AVAILABLE DATA section start
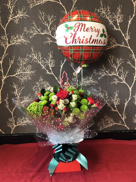 Florist choice of festive flowers displayed in an aqua box and presented with a seasonal balloon.
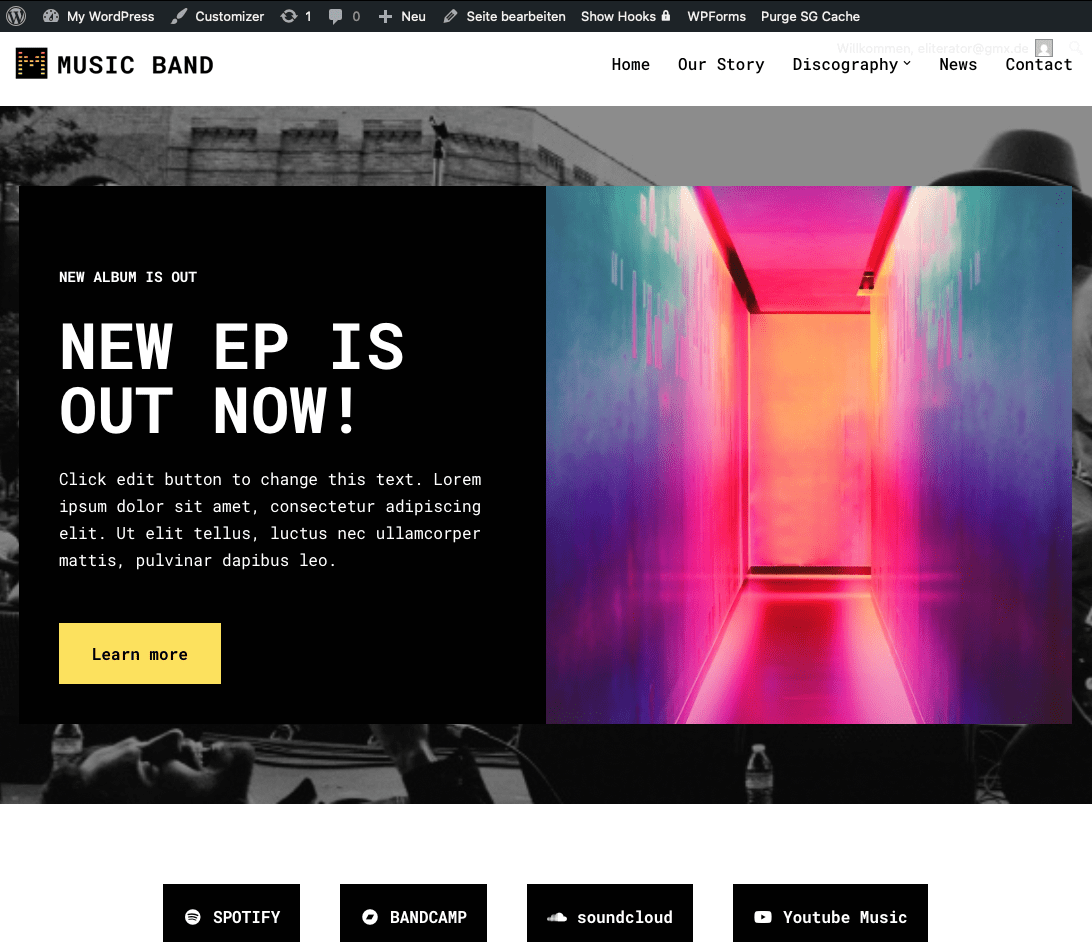 Damit du siehst, wie dein Design funktioniert, also wo du Texte und Bilder sowie Funktionen wie die Verknüpfung und Einbindung – in meinem Rock-Band-Beispiel – von Spotify- oder YouTube-Inhalten managen kannst, sind aber einige Beispiel-Inhalte schon vorhanden.
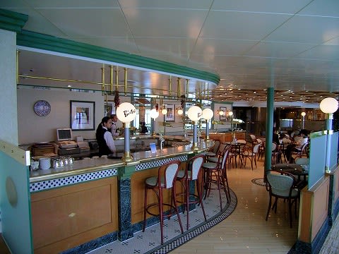 こう人があまり写っていないのも、Ⅱの大きさの成せるところなのですね。やはり食べたいものを食べたいときにすぐ!というのは贅沢なクルーズには必須でしょうね。ただ、その際にいちいちお金を払うのは大変ですよね。やはり全て込みの料金だと面倒が無くていいと思うのですけれど。セルフランドリー、まさかこれも¥600とか?(笑
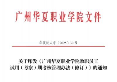 华夏院人字〔2025〕30号关于印发《广州华夏职业学院教职员工试用(考察)期考核管理办法(修订)》的通知
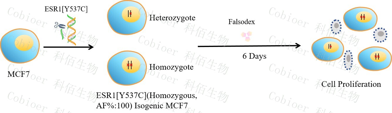 ESR1[Y537C](Homozygous,AF%:100) Isogenic MCF7 藥靶細胞,通過基因編輯的方式將 ESR1 的 537 位氨基酸酪氨酸(Y)突變?yōu)榘腚装彼幔–)。![]() Figure 1. ESR1[Y537C](Homozygous,AF%:100) Isogenic MCF7 原理示意圖 |
AVAILABLE DATA section end
PROBLEM: Could you repeat every record exactly as written, with the pictures left out?

RESPONSE BOX:
 Florist choice of festive flowers displayed in an aqua box and presented with a seasonal balloon.
 Damit du siehst, wie dein Design funktioniert, also wo du Texte und Bilder sowie Funktionen wie die Verknüpfung und Einbindung – in meinem Rock-Band-Beispiel – von Spotify- oder YouTube-Inhalten managen kannst, sind aber einige Beispiel-Inhalte schon vorhanden.
 こう人があまり写っていないのも、Ⅱの大きさの成せるところなのですね。やはり食べたいものを食べたいときにすぐ!というのは贅沢なクルーズには必須でしょうね。ただ、その際にいちいちお金を払うのは大変ですよね。やはり全て込みの料金だと面倒が無くていいと思うのですけれど。セルフランドリー、まさかこれも¥600とか?(笑
 华夏院人字〔2025〕30号关于印发《广州华夏职业学院教职员工试用(考察)期考核管理办法(修订)》的通知
 ESR1[Y537C](Homozygous,AF%:100) Isogenic MCF7 藥靶細胞,通過基因編輯的方式將 ESR1 的 537 位氨基酸酪氨酸(Y)突變?yōu)榘腚装彼幔–)。![]() Figure 1. ESR1[Y537C](Homozygous,AF%:100) Isogenic MCF7 原理示意圖 |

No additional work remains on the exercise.